__Your assignment__
Reproduce, character for character, the lines below from the first through the one with "Etui-housse Galaxy Note10, protection". Leave pictures out.

----- Records

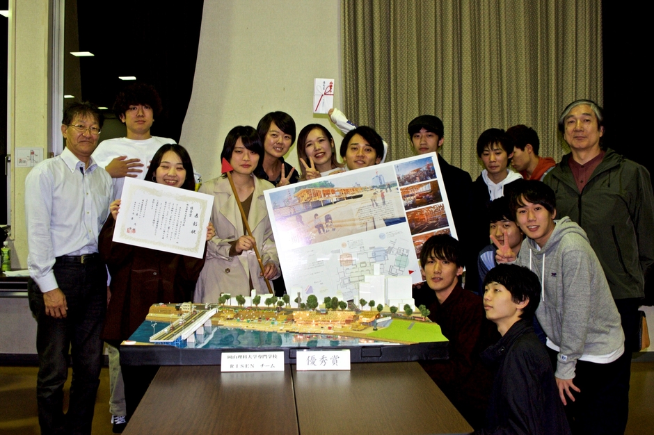 岡山建築設計クラブ主催の設計競技会「第26回ワンデーエクササイズ」が2019年11月26日、岡山市北区の勤労者福祉センターで開催され、岡山理科大学専門学校(岡山市北区半田町)建築学科専攻科・昼間部1・2年合同チーム(学生15人)の作品「一期一会」が優秀賞を受賞しました。
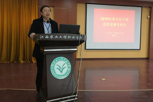 1月3日,学院2019年度中层干部述职述廉考核会在多功能报告厅举行。院领导、中层干部及群众测评代表参加了会议。学院党委书记、院长谭酬志出席并讲话。学院党委副书记、副院长张辉主持会议。
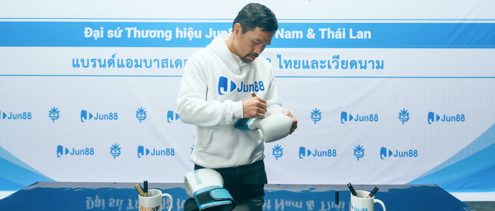 ปาเกียว (แมนนี่ ปาเกียว) - นักมวยชื่อดังและแบรนด์แอมบาสเดอร์ Jun88 ในวงการกีฬาชกมวย ไม่เพียงแต่ต้องใช้ความสามารถและความทุ่มเทเพื่อคว้าเข็มขัดแชมป์เท่านั้น แต่ยังต้องสร้างแบรนด์ส่วนตัวให้แข็งแกร่งขึ้นด้วย ซึ่งปาเกียวได้พิสูจน์ให้เห็นแล้วว่าเขาเหมาะสมที่จะเป็นแบรนด์แอมบาสเดอร์ของ Jun88 แบรนด์ชั้นนำในวงการพนันออนไลน์และความบันเทิง
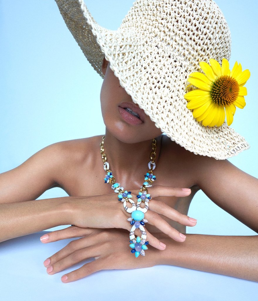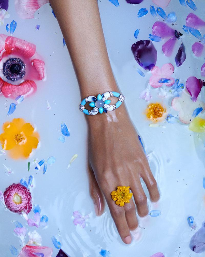 Let’s hold on a second, though. It is the same old Webb, just a bit in disguise. Behind naive flowery designs, there are many key elements of Maison’s style: white enamel, bright colors, big – really big – pieces, and recognizable silhouettes of necklaces and doorknockers.
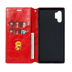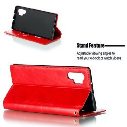 Etui-housse Galaxy Note10, protection totale en semi cuir de haute qualité, intérieur coque en silicone intégrée, compartiment de rangement de cartes, et fermeture magnétique. Ainsi, votre téléphone est complètement sécurisé du fait qu'il soit protégé du côté avant, arrière et du contour à 360 degré. Accessibilité facile à tous les boutons et maintien très agréable. Effet chic et sécurisé.
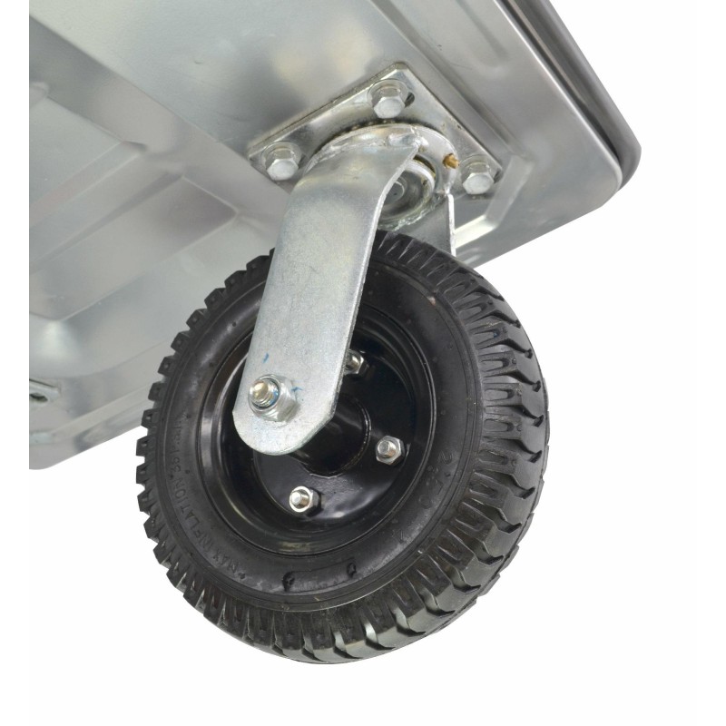 Wyposażony w pneumatyczne 2 koła skrętne i 2 stałe z łożyskami i gumowymi oponami bieżnikowanymi.

----------

__Reply__
 岡山建築設計クラブ主催の設計競技会「第26回ワンデーエクササイズ」が2019年11月26日、岡山市北区の勤労者福祉センターで開催され、岡山理科大学専門学校(岡山市北区半田町)建築学科専攻科・昼間部1・2年合同チーム(学生15人)の作品「一期一会」が優秀賞を受賞しました。
 1月3日,学院2019年度中层干部述职述廉考核会在多功能报告厅举行。院领导、中层干部及群众测评代表参加了会议。学院党委书记、院长谭酬志出席并讲话。学院党委副书记、副院长张辉主持会议。
 ปาเกียว (แมนนี่ ปาเกียว) - นักมวยชื่อดังและแบรนด์แอมบาสเดอร์ Jun88 ในวงการกีฬาชกมวย ไม่เพียงแต่ต้องใช้ความสามารถและความทุ่มเทเพื่อคว้าเข็มขัดแชมป์เท่านั้น แต่ยังต้องสร้างแบรนด์ส่วนตัวให้แข็งแกร่งขึ้นด้วย ซึ่งปาเกียวได้พิสูจน์ให้เห็นแล้วว่าเขาเหมาะสมที่จะเป็นแบรนด์แอมบาสเดอร์ของ Jun88 แบรนด์ชั้นนำในวงการพนันออนไลน์และความบันเทิง
 Let’s hold on a second, though. It is the same old Webb, just a bit in disguise. Behind naive flowery designs, there are many key elements of Maison’s style: white enamel, bright colors, big – really big – pieces, and recognizable silhouettes of necklaces and doorknockers.
 Etui-housse Galaxy Note10, protection totale en semi cuir de haute qualité, intérieur coque en silicone intégrée, compartiment de rangement de cartes, et fermeture magnétique. Ainsi, votre téléphone est complètement sécurisé du fait qu'il soit protégé du côté avant, arrière et du contour à 360 degré. Accessibilité facile à tous les boutons et maintien très agréable. Effet chic et sécurisé.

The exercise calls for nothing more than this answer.